워크플로로 SingleAgentVoiceWorkflow를 사용하여 간단한 음성 파이프라인을 설정하겠습니다.

from agents.voice import SingleAgentVoiceWorkflow, VoicePipeline
pipeline = VoicePipeline(workflow=SingleAgentVoiceWorkflow(agent))

파이프라인 실행

import numpy as np
import sounddevice as sd
from agents.voice import AudioInput

# For simplicity, we'll just create 3 seconds of silence
# In reality, you'd get microphone data
buffer = np.zeros(24000 * 3, dtype=np.int16)
audio_input = AudioInput(buffer=buffer)

result = await pipeline.run(audio_input)

# Create an audio player using `sounddevice`
player = sd.OutputStream(samplerate=24000, channels=1, dtype=np.int16)
player.start()

# Play the audio stream as it comes in
async for event in result.stream():
    if event.type == "voice_stream_event_audio":
        player.write(event.data)

모두 연결하기

import asyncio
import random

import numpy as np
import sounddevice as sd

from agents import (
    Agent,
    function_tool,
    set_tracing_disabled,
)
from agents.voice import (
    AudioInput,
    SingleAgentVoiceWorkflow,
    VoicePipeline,
)
from agents.extensions.handoff_prompt import prompt_with_handoff_instructions


@function_tool
def get_weather(city: str) -> str:
    """Get the weather for a given city."""
    print(f"[debug] get_weather called with city: {city}")
    choices = ["sunny", "cloudy", "rainy", "snowy"]
    return f"The weather in {city} is {random.choice(choices)}."


spanish_agent = Agent(
    name="Spanish",
    handoff_description="A spanish speaking agent.",
    instructions=prompt_with_handoff_instructions(
        "You're speaking to a human, so be polite and concise. Speak in Spanish.",
    ),
    model="gpt-4.1",
)

agent = Agent(
    name="Assistant",
    instructions=prompt_with_handoff_instructions(
        "You're speaking to a human, so be polite and concise.
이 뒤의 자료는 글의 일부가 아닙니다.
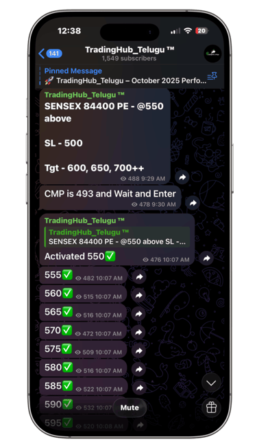 See our real-time updates, chart explanations, and next-day marked levels directly from the channel.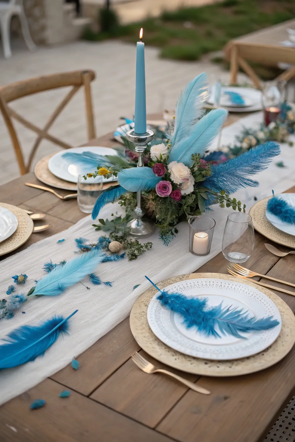 Dare to be different by featuring blue feathers or quirky decorations in your centerpiece. It’s an instant conversation starter, adding a touch of personality and whimsy to your table.
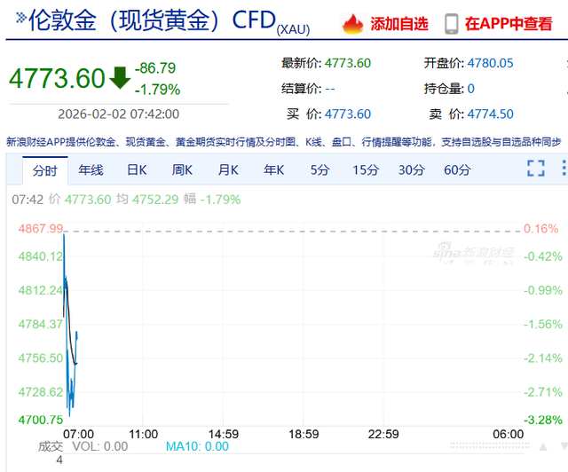 与白银价格走势类似的还有黄金。截至当天早上7时42分,伦敦黄金现货价格同样开盘后猛跌超3%,但在之后出现部分回调,报于4773.6美元/盎司,较之前下跌1.79%。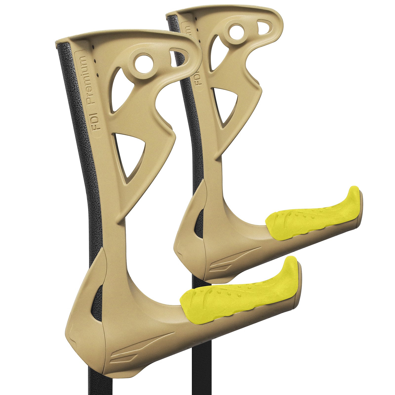 - The FDI Premium Crutches as standard come with non-slip double layered premium soft forearm protection and handle grips as well as shock absorbing anti-slip feet
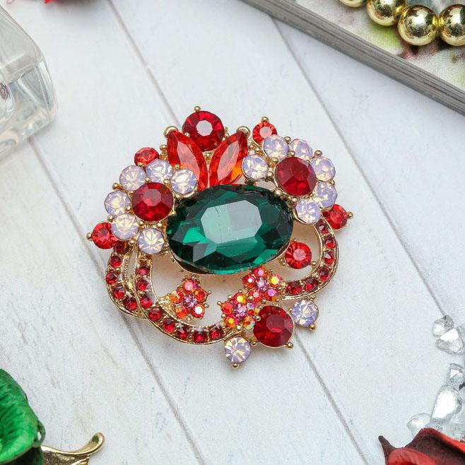 Брошь "Соцветие" дуэт, цветная в золоте 3723781 Подробнее

If the user speaks in Spanish, handoff to the spanish agent.",
    ),
    model="gpt-4.1",
    handoffs=[spanish_agent],
    tools=[get_weather],
)


async def main():
    pipeline = VoicePipeline(workflow=SingleAgentVoiceWorkflow(agent))
    buffer = np.zeros(24000 * 3, dtype=np.int16)
    audio_input = AudioInput(buffer=buffer)

    result = await pipeline.run(audio_input)

    # Create an audio player using `sounddevice`
    player = sd.OutputStream(samplerate=24000, channels=1, dtype=np.int16)
    player.start()

    # Play the audio stream as it comes in
    async for event in result.stream():
        if event.type == "voice_stream_event_audio":
            player.write(event.data)


if __name__ == "__main__":
    asyncio.run(main())

이 예제를 실행하면 에이전트가 말하기 시작합니다! 직접 에이전트와 대화해 볼 수 있는 데모는 examples/voice/static에서 확인하세요.